WORK INSTRUCTIONS: Only the stretch below from the line holding "a turban. |" through the line holding "上記の電動ドライバーですが、" should be restated, word for word and with both ends included; pictures stay out.

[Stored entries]
=======
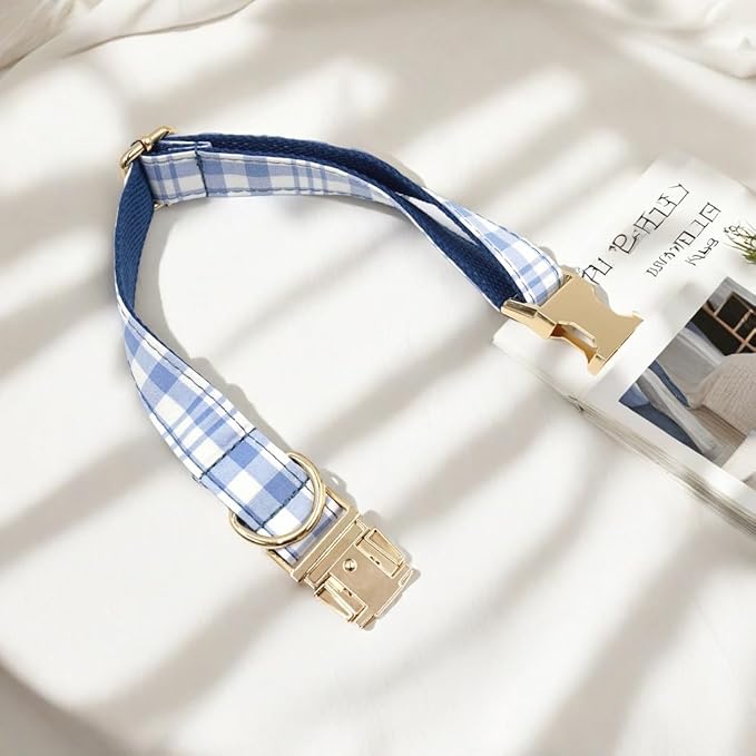 - Custom Engraved for Safety & Style: Keep your boy safe & cool! Our PETDURO personalized navy blue plaid dog collar features a rust-proof gold metal buckle custom-engraved by laser with his name & phone number. Say goodbye to jingling tags.
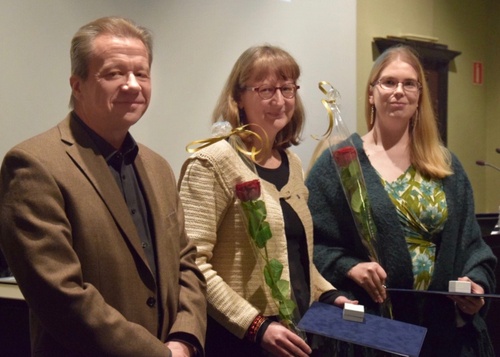 Puheenjohtaja Heikki Karjalainen ojensi syyskokouksessa Leena Salmelle (keskellä) kultaisen ansiomerkin ja Minna Ruokoselle hopeisen ansiomerkin.
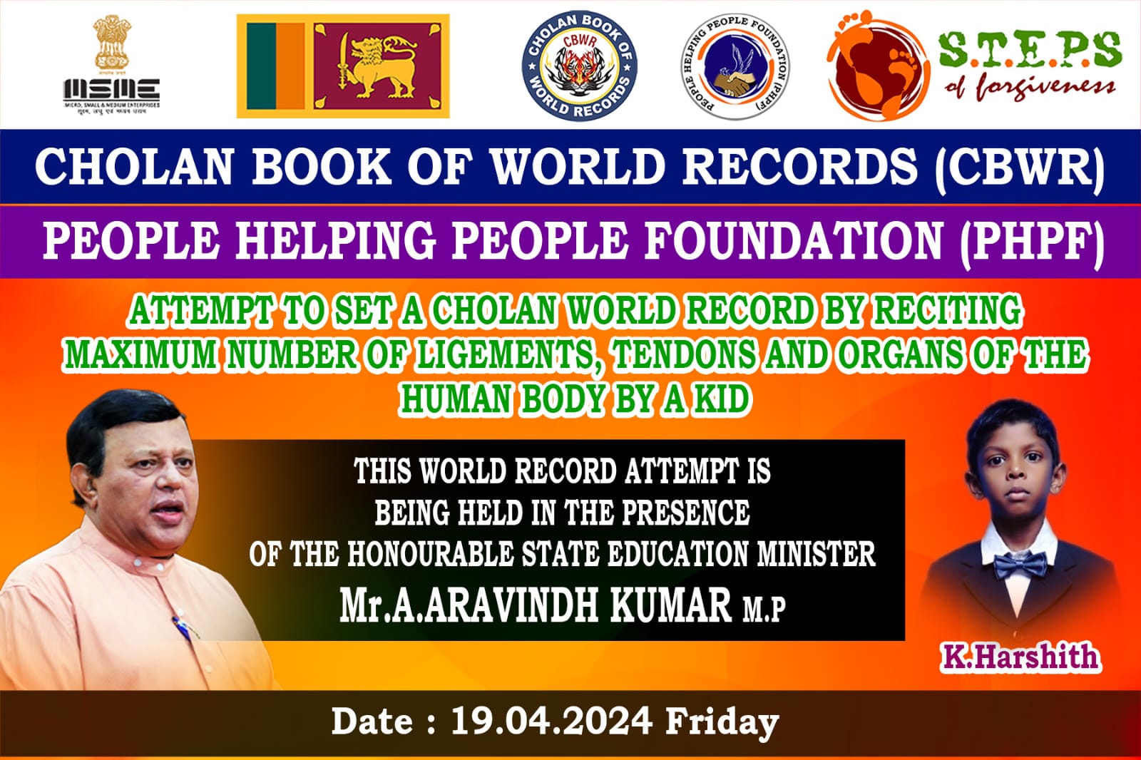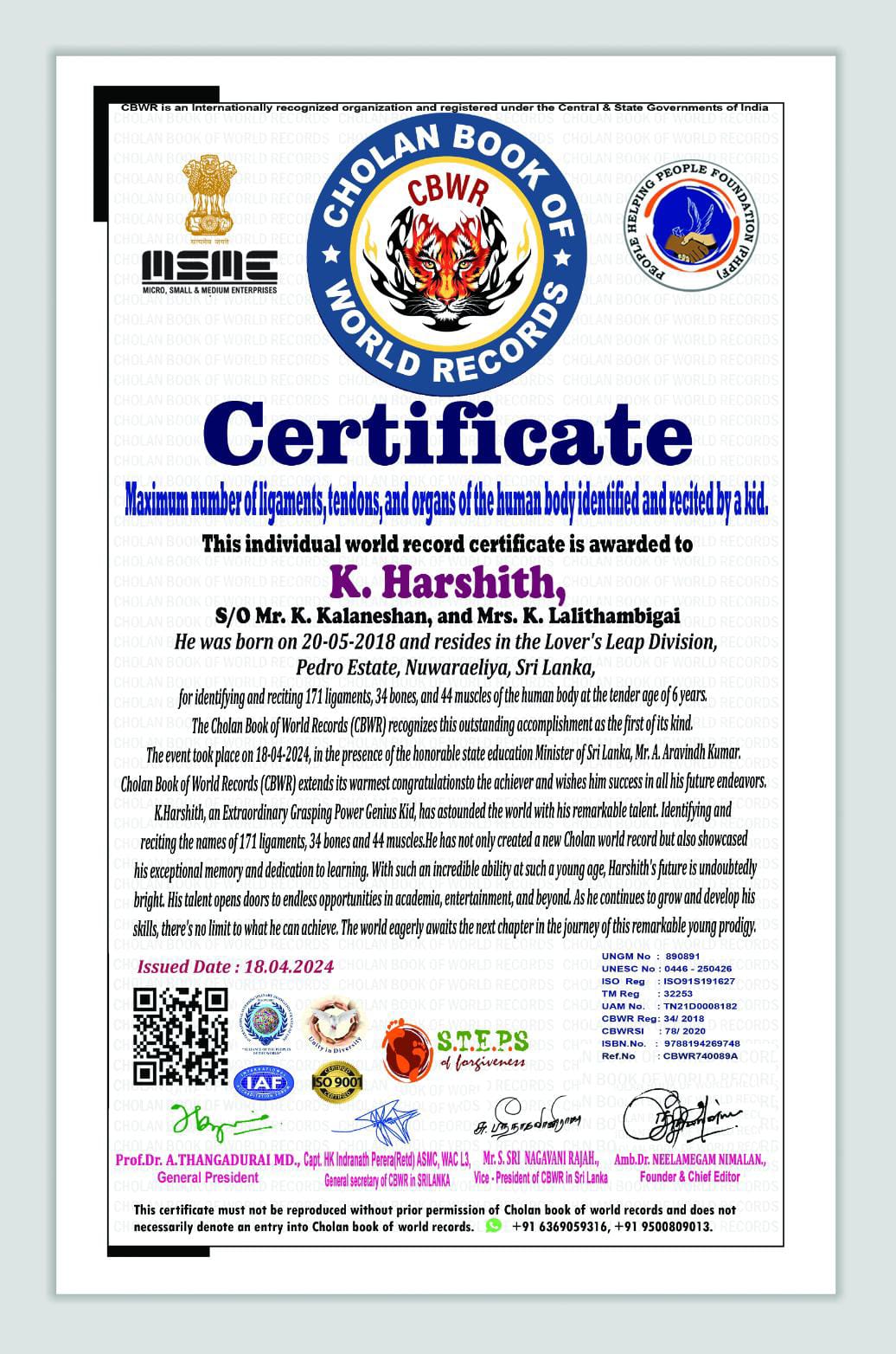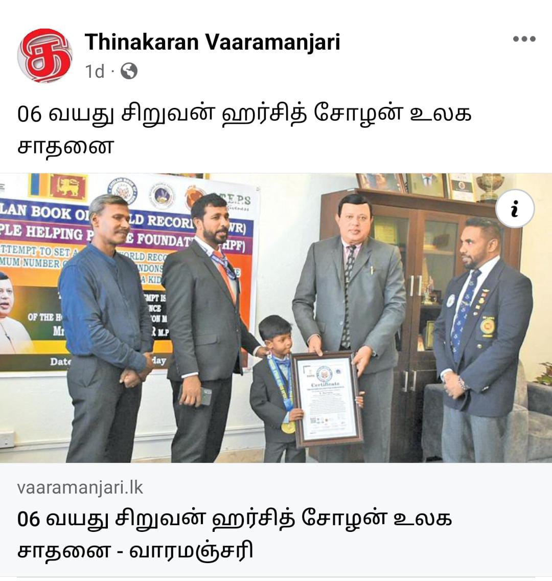A 6-year-old kid named Harsith, the son of Kalainesan and Lalithambikai, residing at Lover's Leap, Nuwara Eliya, and studying at Holy Trinity College, attempted to set a Cholan world record in the presence of State Minister of Education, Arvind Kumar.
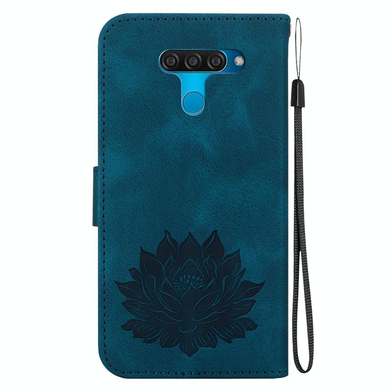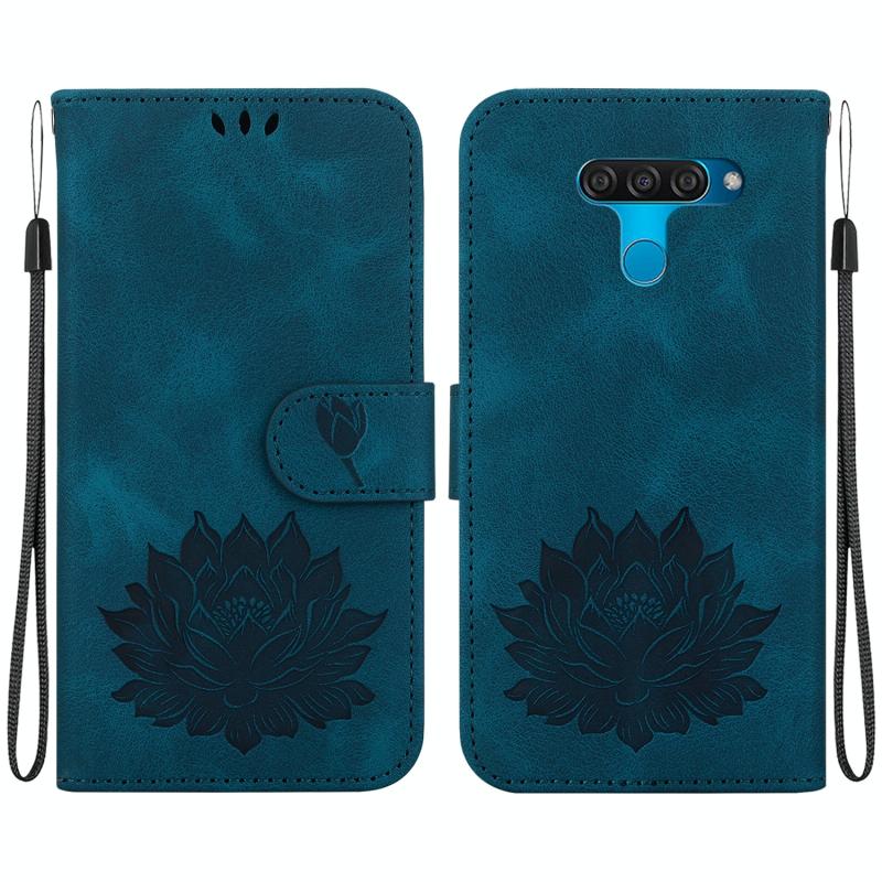 For LG K50 / Q60 Lotus Embossed Leather Phone Case(Dark Blue)
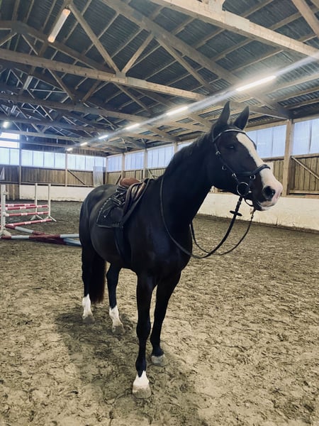 Z ciężkim sercem zdecydowałam się poszukać odpowiedzialnego właściciela dla mojej klaczy. Nie jest to sprzedaż pilna, oddam ją tylko wtedy, gdy znajdzie się dla niej dom na całe życie (lub z prawem pierwokupu), oraz ktoś, kto doceni ją i uzna za swojego nowego najlepszego przyjaciela. Cara ma prawie 9 lat i jest klaczą holsztyńską o wzroście 167 cm. Od stycznia do czerwca 2025 roku była w pełni jeździecko przygotowana i zrobiła duży krok w kierunku prawdziwego konia sportowego :). Z odpowiednim jeźdźcem robi wszystko. Niezależnie od dyscypliny – czy to ujeżdżenie, skoki, hala czy teren, czy spacery – kluczem jest pewny siebie człowiek u jej boku. Jest typową, klasyczną klaczą, bardzo dominującą, co może czasami sprawiać trudności w kontaktach i testuje granice. Jednak pod siodłem nie okazuje żadnych problemów i zawsze pracuje z motywacją i w pełni posłusznie. Jest też bardzo odważna i nieustraszona. W skokach czuje się jak ryba w wodzie i z radością pokonuje przeszkody z każdej sytuacji :). Na zawodach jeszcze nie startowała. Od kiedy ma 10 miesięcy, jestem jej właścicielką i bardzo mi przykro, że muszę przyznać, iż nie jestem dla niej odpowiednią osobą (jestem raczej ostrożnym jeźdźcem i w kluczowych momentach nie potrafię zapewnić jej bezpieczeństwa). Próbowałam różnych metod, aby się do siebie zbliżyć – dlatego zna też pracę według metod Parelli, a szczególnie praca na liberty sprawia jej dużą frajdę. Bardzo pragnę, aby znalazła swojego człowieka, który zaakceptuje ją taką, jaka jest, i doceni, jakim wspaniałym koniem jest. Wierzę, że z odpowiednim partnerem u boku, to konie potrafi przejść przez ogień. Mam nadzieję, że widać, iż ta sprzedaż jest dla dobra konia – bo bardzo mi zależy, aby znalazła swojego „partnera w zbrodni”, nawet jeśli oznacza to dla mnie konieczność jej rozstania. Cara jest zdrowa, zaszczepiona, regularnie odczuwana przez dentystę i osteopatę. Priorytet ma miejsce, nie cena. Bez handlarzy i szkół jeździeckich! Aby zapobiec turystyce jeździeckiej, pobieram 25 euro za jazdę próbną.
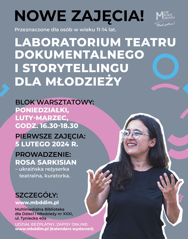 Nowe zajęcia dla młodzieży w Multimedialnej Bibliotece dla Dzieci i Młodzieży nr XXXI w Dzielnicy Mokotów. Zapraszamy na warsztaty teatru dokumentalnego i storytellingu, podczas których można nauczyć się, jak budować fascynujące opowieści, odkryć, jak wyrazić siebie poprzez sztukę, tworząc unikalne ilustracje do historii, razem z rówieśnikami stworzyć społeczność twórców, dzieląc się swoimi przeżyciami i doświadczeniami.
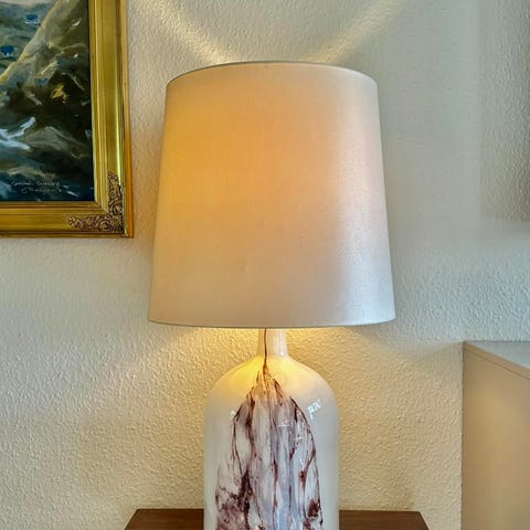 Mundblæst bordlampe i opalglas med den grå-blå marmorering, der løber langs lampens hals, og som kendetegner Blues-serien. Lampen findes i tre størrelser på henholdsvis 13, 19 og 26 cm. Dette er den store model. Lampen er designet af Sidse Werner og produceret i 1986. Den har været opbevaret i et skab og er aldrig brugt. Lampen har ingen ridser, slag eller revner, og er i særdeles god stand. Sælges uden Le Klint skærmen. Jeg vil gerne sende den rigtig solidt og godt indpakket, men da det er glas, bliver på dit ansvar.
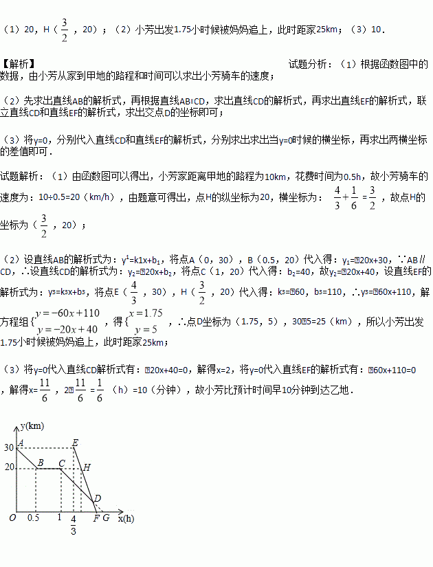 (1)小芳骑车的速度为 km/h,H点坐标 .
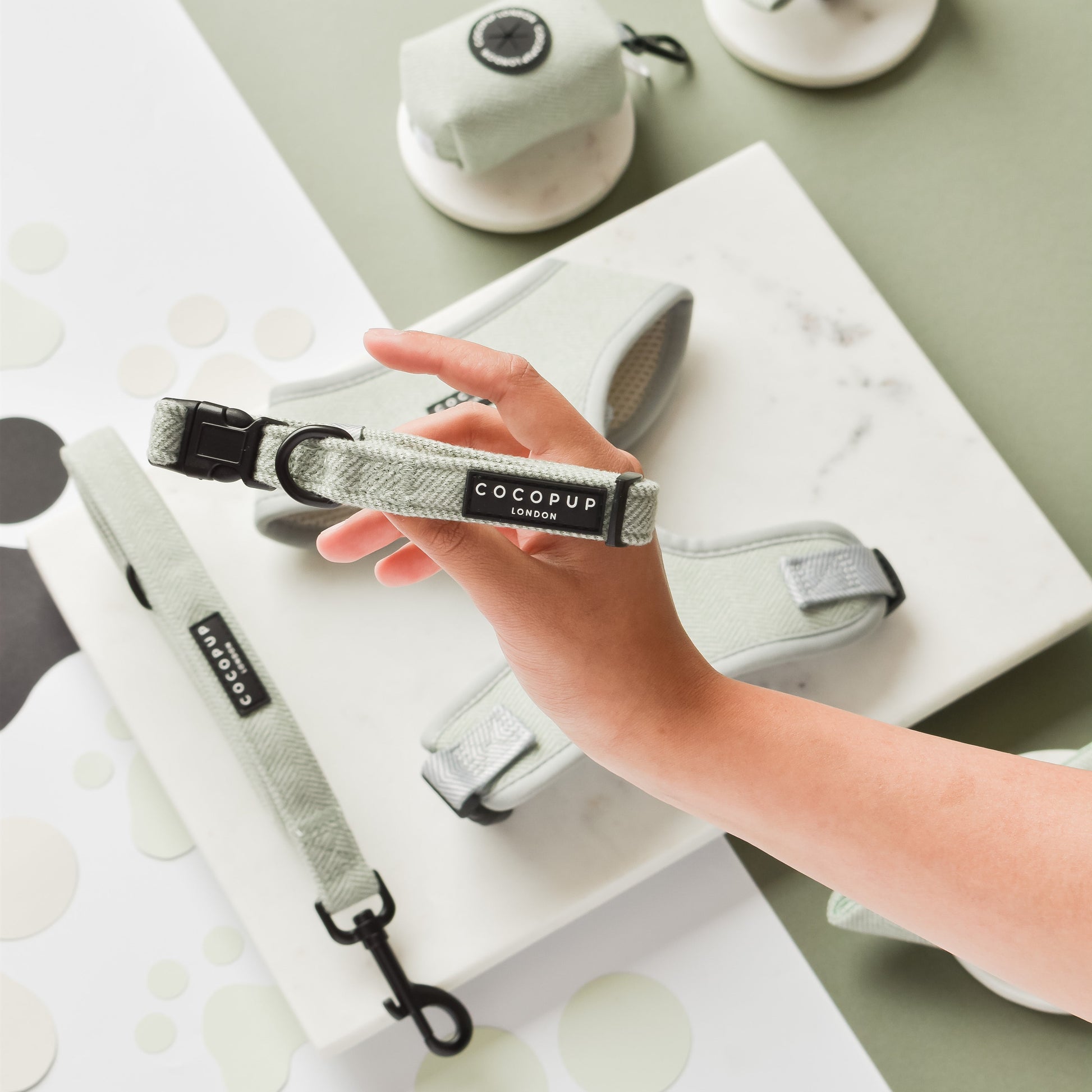 Get your dog ready for the countryside with our Sage Tweed Collar. Made from herringbone fabric in a charming sage green colour, this collar is perfect for dog walks. Plus, the safety lock feature will ensure your furry friend stays secure. A must-have for any country-loving pup!
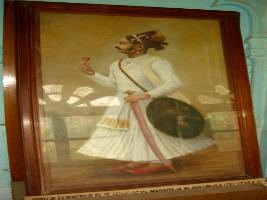 | Description / विवरण | Full length portrait of Maharaja Bijay Singh ji, standing facing right holding a horse in his right hand and a sword on his left hand. A shield is tied with the belt on his waist. He is wearing a turban. |
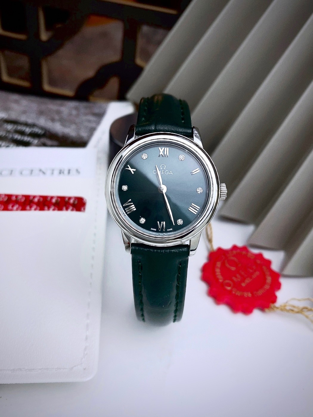 Đồng hồ Omega Deville nữ dây da màu xanh lá cây
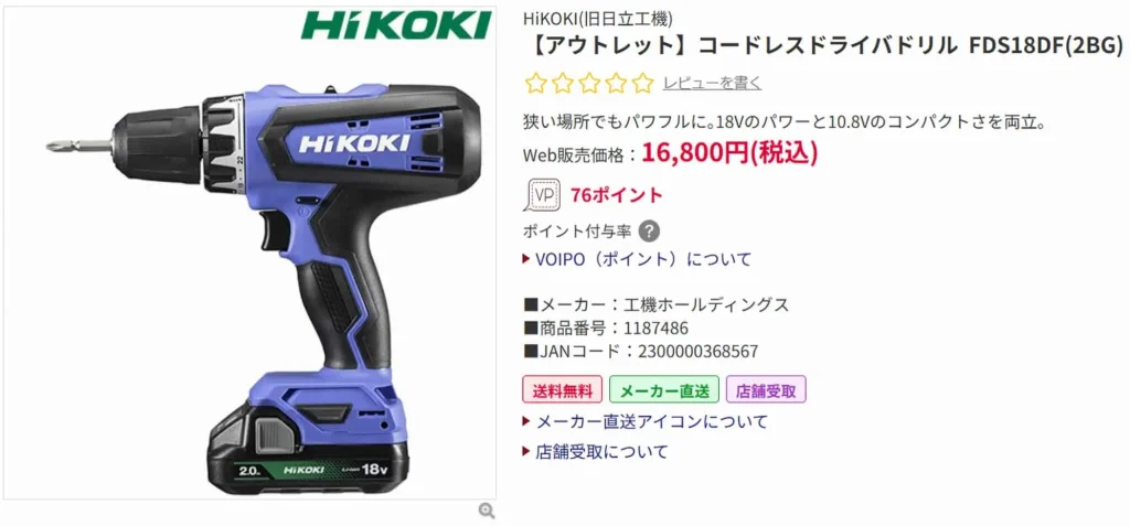 上記の電動ドライバーですが、DCMオンラインでは16,800円で販売されています。
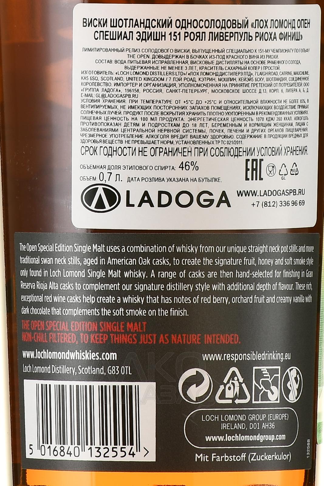 Виски односолодовый Loch Lomond The Open Special Edition 151st Royal Liverpool Rioja Finish 0,7 л в п/у идеально подойдет для любого торжественного события. Лимитированный сингл молт был представлен в 2023 году как совместная работа мастера-купажиста вискикурни Лох Ломонд Майкла Генри и профессионального игрока в гольф Колина Монтгомери (его подпись есть на этикетке). Релиз приурочен к 151 Чемпионату по гольфу серии The Open, который был организован на площадке Роял Ливерпуль. Уникальный скотч в подарочной коробке демонстрирует стиль с узнаваемыми чертами вискикурни из Хайленда и самобытными нотами красного вина из испанской Риохи. Все дело в том, что для финишной 10-месячной отделки использовались бочонки из-под премиального сорта Gran Reserva Rioja Alta. Виски не проходил холодную фильтрацию и был разлит с показателем крепости 46%.
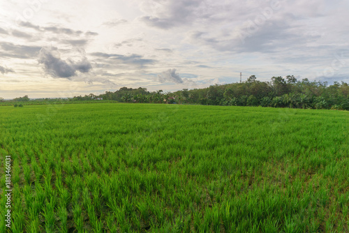 Fototapeta premium Beautiful morning view indonesia Panorama Landscape paddy fields with beauty...
=======
SOLUTION TO THE PROBLEM:
 | Description / विवरण | Full length portrait of Maharaja Bijay Singh ji, standing facing right holding a horse in his right hand and a sword on his left hand. A shield is tied with the belt on his waist. He is wearing a turban. |
 Đồng hồ Omega Deville nữ dây da màu xanh lá cây
 上記の電動ドライバーですが、DCMオンラインでは16,800円で販売されています。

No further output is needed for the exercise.